One of the most important things is to always test a query that's identical (or as similar to as possible) to the one with the performance issue. Sometimes people try to test a simple SELECT query instead of they add a TOP to the query thinking that if the query with the TOP can't perform well then the full query certainly can't perform well. That isn't always true. Sometimes adding a TOP can make performance worse, as explained here.

Another important thing is to give yourself the tools which give you the best chance for success when tuning a query. The query plan that you're looking at isn't a simple one and I can understand why you might be intimidated by it. You should strongly consider upgrading your version of SSMS (if applicable) and downloading the free Sentry One Plan Explorer. That'll give you more information and make it easier to performance tune queries like the one that you have here.

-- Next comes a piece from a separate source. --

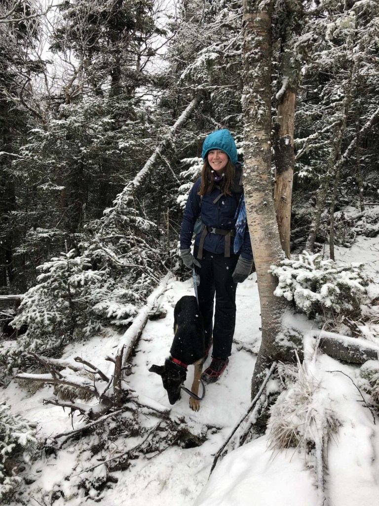 On the summit you stand at about 4,058 feet. You also have a great view of Cascade Mountain. It took about 1.5 hours to reach the summit. We took a couple of breaks along the way. Also, hiking with Cash was not the quickest since it took him a little while to begin navigating the trail on his own instead of following behind me. I had a snack at the top, drank some water, took some pictures and then we headed back to the junction. The way back was quicker than on the way in. I think because we knew how best to navigate some icy sections after already passing through. At the junction we continued on to Cascade which was a breeze. I thought that since the summit is so exposed there would be big slabs of ice. I was wrong, there was really only some snow and minimal ice. It sure was cold and windy up there though. Cash seemed to really like this part of the trail because the rock was so open he didn’t have to think much about where he was moving. The only tough spot for him was the ladder bringing you up part of the rock. He was apprehensive to go up but as soon as I went up he followed. It was snowing when we were at the top so we didn’t stay long. I wanted to take some nice pictures but my hands got cold quickly up there. It took us 28 minutes to reach the summit of Cascade from Porter. The summit of Cascade sits at 4,098 feet.

Here's the first thing that I notice using Plan Explorer:

enter image description here

It looks like you have mismatched data types for SL.fld_dat_WeekEnding and WN.WeekEnding. That can cause issues with cardinality estimation. The query optimizer estimates that your "less than today" filter will exclude nearly all of the rows, but of course that isn't true. The row estimate is 1 but the actual number of rows is in the million. That type of disparity can cause performance issues because the query optimizer is working under bad information. It might choose a different, more efficient plan if it was working with better estimates.

In review:

  1. Test with the real query whenever possible.
  2. Use the best tools available to make your job easier.
  3. Identify and fix cardinality estimates and see how the plan changes. Fixing one issue might reveal another, so be prepared for an iterative process.